To be honest, it was difficult for me not to feel angry with Maria after that afternoon. I had witnessed instances of God moving in her life, I knew that she was aware of the truth and what was right. Yet there was no difference in her behavior, instead she turned back to old vices and behaviors. What's worse, she neglected her own child to do so. For the next few days, she and Joshua were on my mind a lot. I prayed for Christ to renew not only her heart but mine as well.
One thing I have been struggling with significantly during my time in Costa is remembering that it God's place to change each individual I meet. Not mine. This fact isn't so easy for me to accept. I'm a nurturer and a fixer, to a fault at times. When I see someone who is hurting, I ache for them to be comforted. When I see something that is broken, I long to mend it. It's just a part of my nature.

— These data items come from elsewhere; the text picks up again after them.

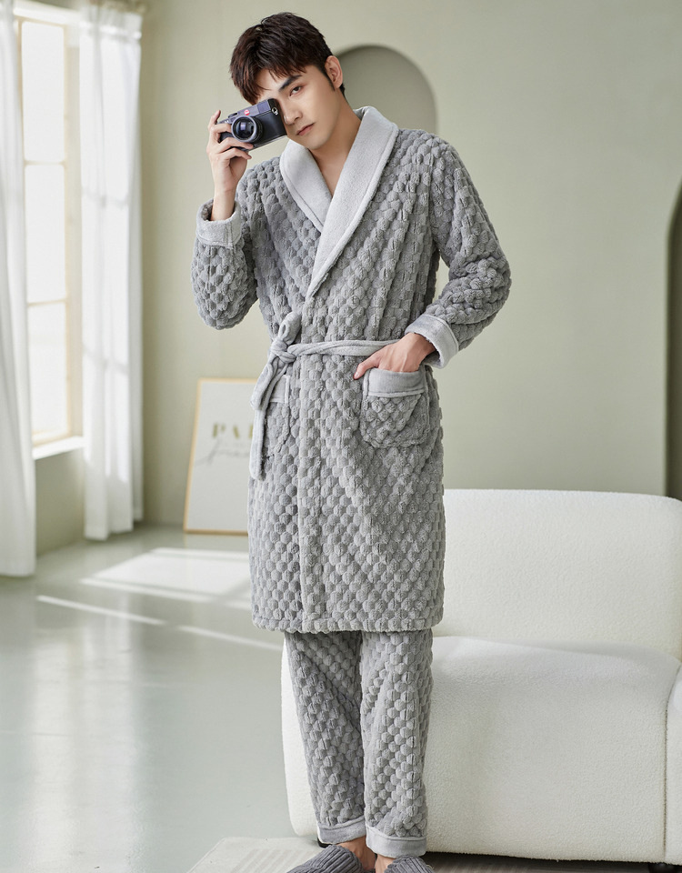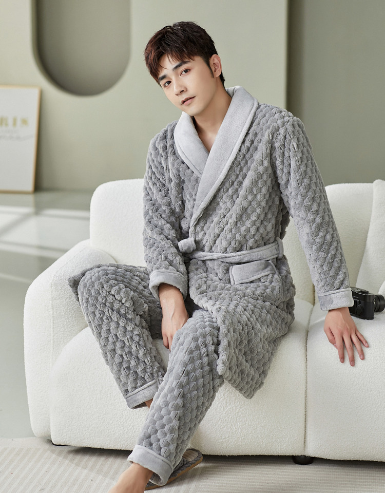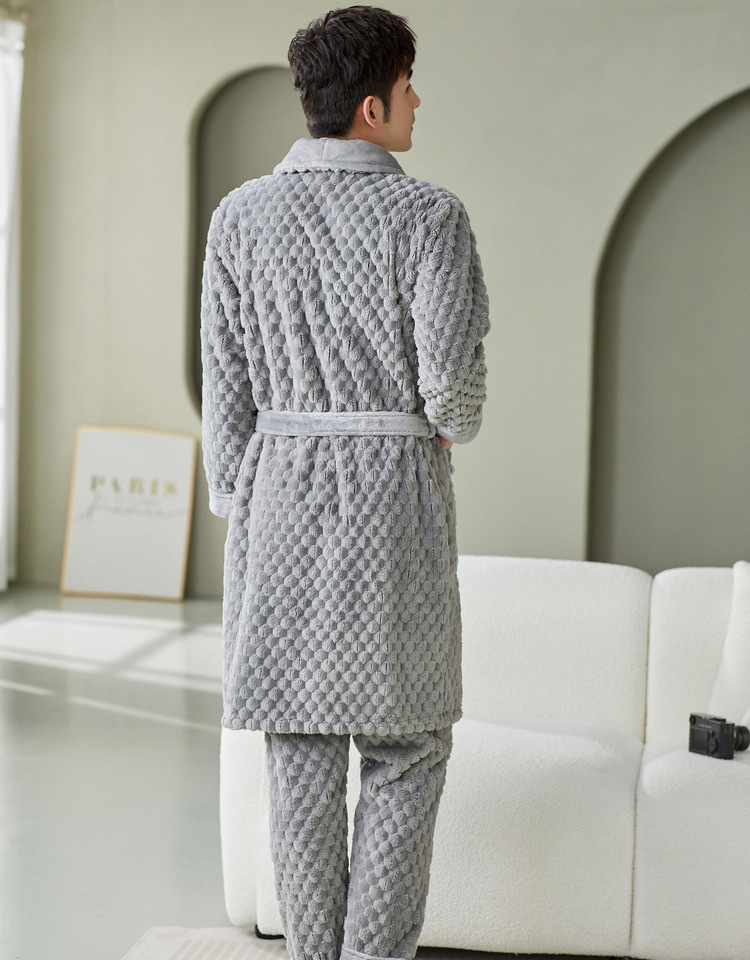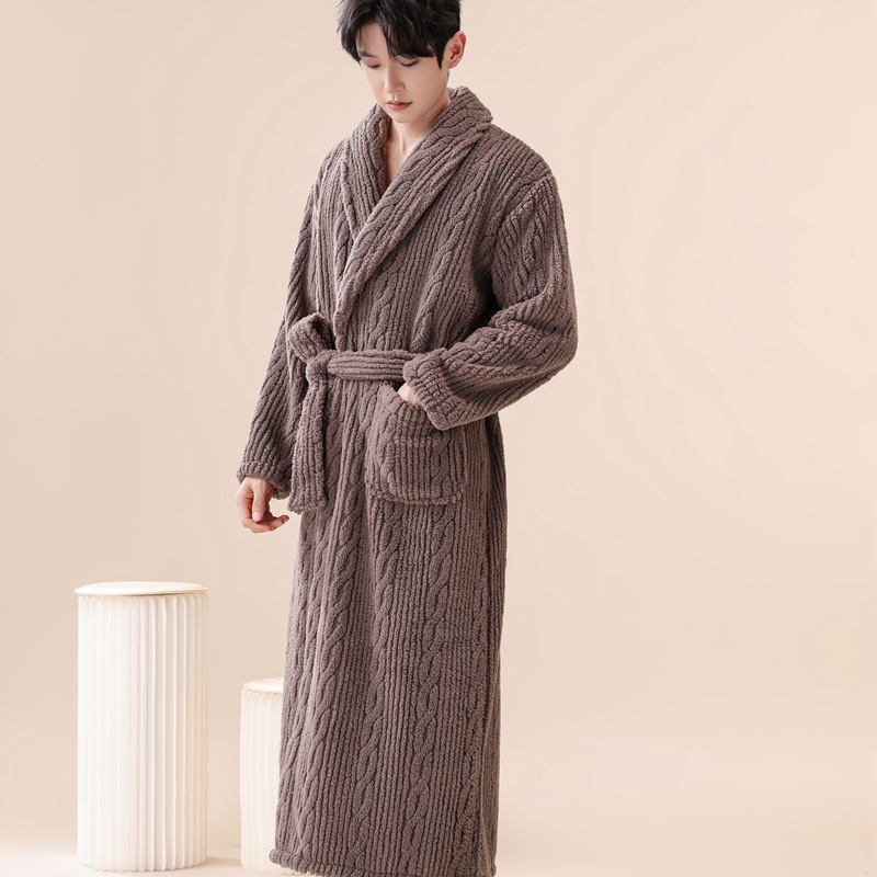 珊瑚绒睡袍男浴袍秋冬保暖中长款简约休闲居家晨袍法兰绒睡衣长袍
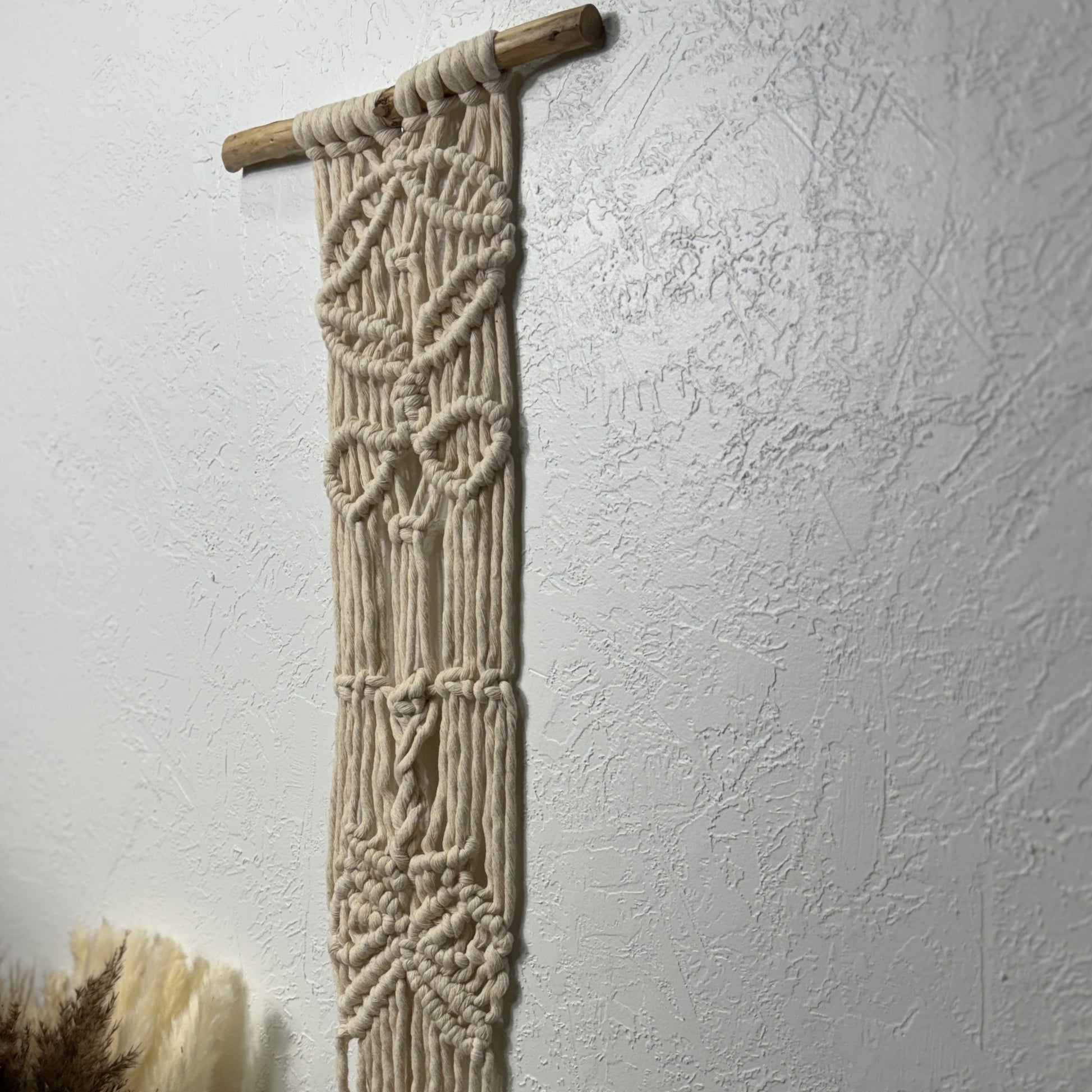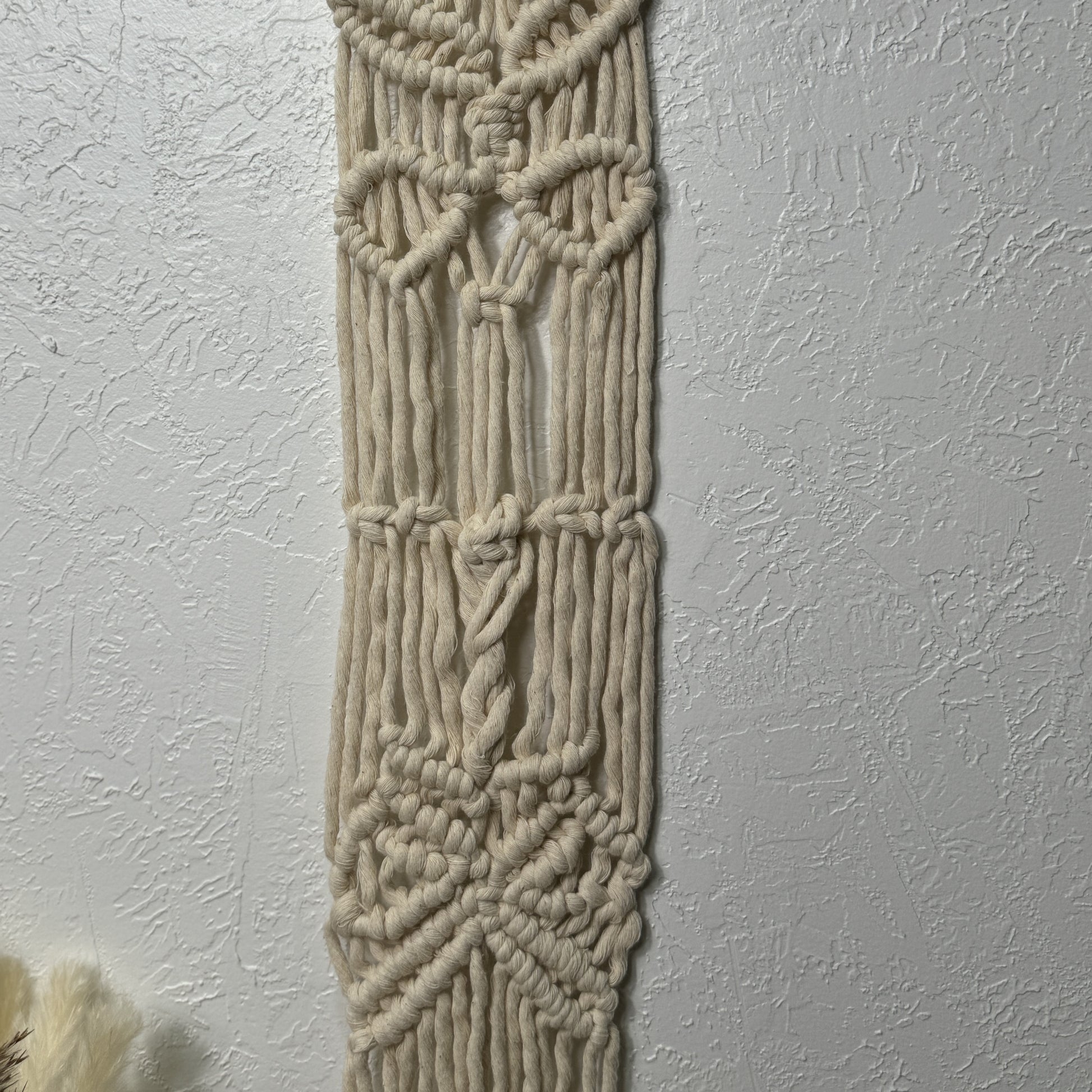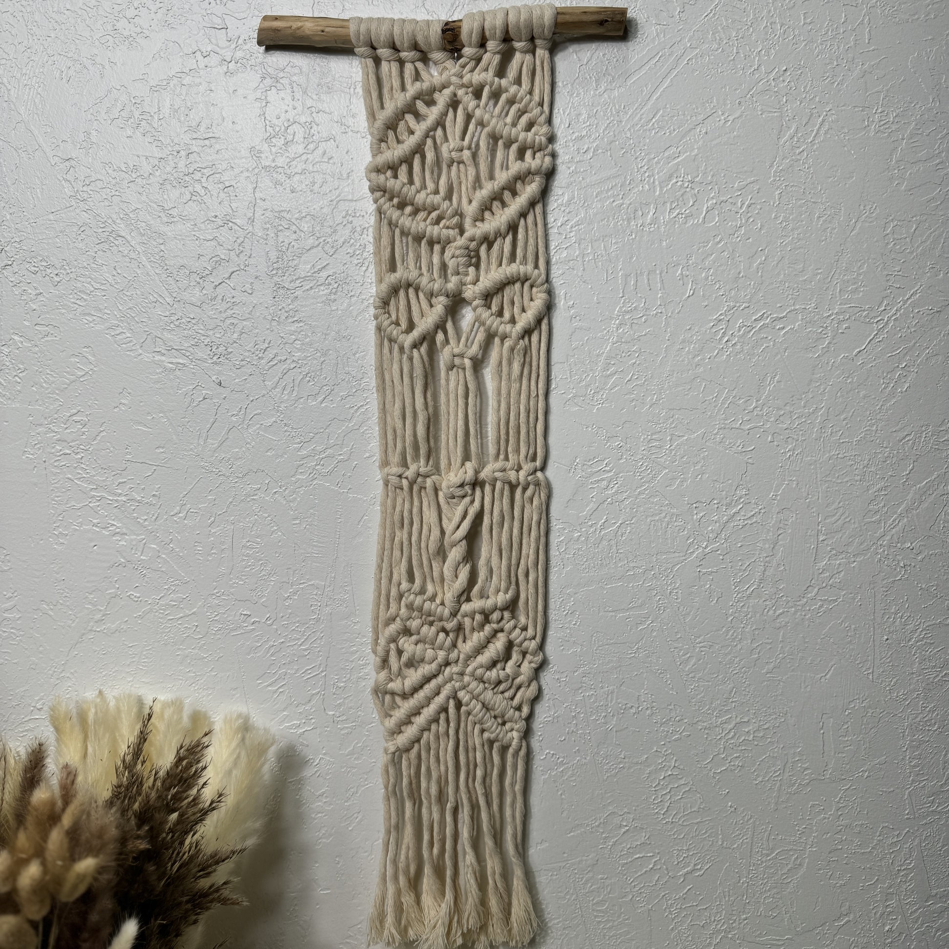 Elevate your wall decor with this delightful macrame piece - perfect for filling that narrow long space! Featuring a charming floral and butterfly pattern, this design is simple yet captivating. Whether adding to your own collection or gifting it to someone special, this macrame will surely bring joy and beauty to any room. Get yours now!
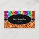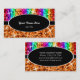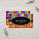 Business card with a modern design featuring stars scattered over stylised "sequin look" rainbow-coloured stripes on an orange background, with text written in white on a black oval shape. A customisable design for you to personalise with your own text, pictures and ideas. Please note that this is a printed digital art image and does not contain real glitter or sequins
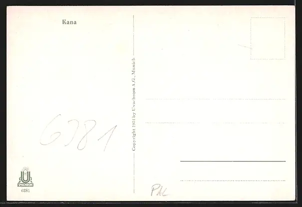 Personenbezogene Daten auf der Rückseite der Karte wurden durch blauen Textmarker unkenntlich gemacht. Die blauen Stellen sind auf die Vorderseite durchgeweicht und wirken sich negativ auf das Postkartenfoto aus

I've realized how great the need to abandon this tendency is for me; as a missionary, Christ follower, and human being. Even when Jesus walked the Earth, he didn't take it specifically into his own hands to change people. Instead he loved them and felt compassion for them, while telling the message of the Gospel to all who would listen. He never took on the responsibility of their reaction to that truth but simply presented it and allowed it to speak for itself. He trusted in the one who sent him, knowing that though he planted seeds it was the Father who brought the harvest. The Son of God found his strength and constancy in the realization that ultimately Abba was the one working through him and transforming hearts. I am beginning to do the same.
That Sunday Maria not only came to Celebracion Iglesia but also went up to the alter for prayer. The same week, she brought all three of her kids to the feeding center and youth service. This past Saturday, she attended a conference intended specifically for women, and I got to help prayer over little Joshua. These three separate occurrences prove that in some small way she desires to move forward again instead of back. So it's true that this photo is representative of a hard lesson about faith I've been learning. But it is also a source of hope. I truly believe that Maria wants to get clean. I know she is capable of being a good mother to her children and longs to do so. More so, I trust that God is working within her and bringing things to fruition in his time, not my own. Every time I look at it, I remember this and surrender her to him once again.
Baby Joshua taking his first steps in his new home.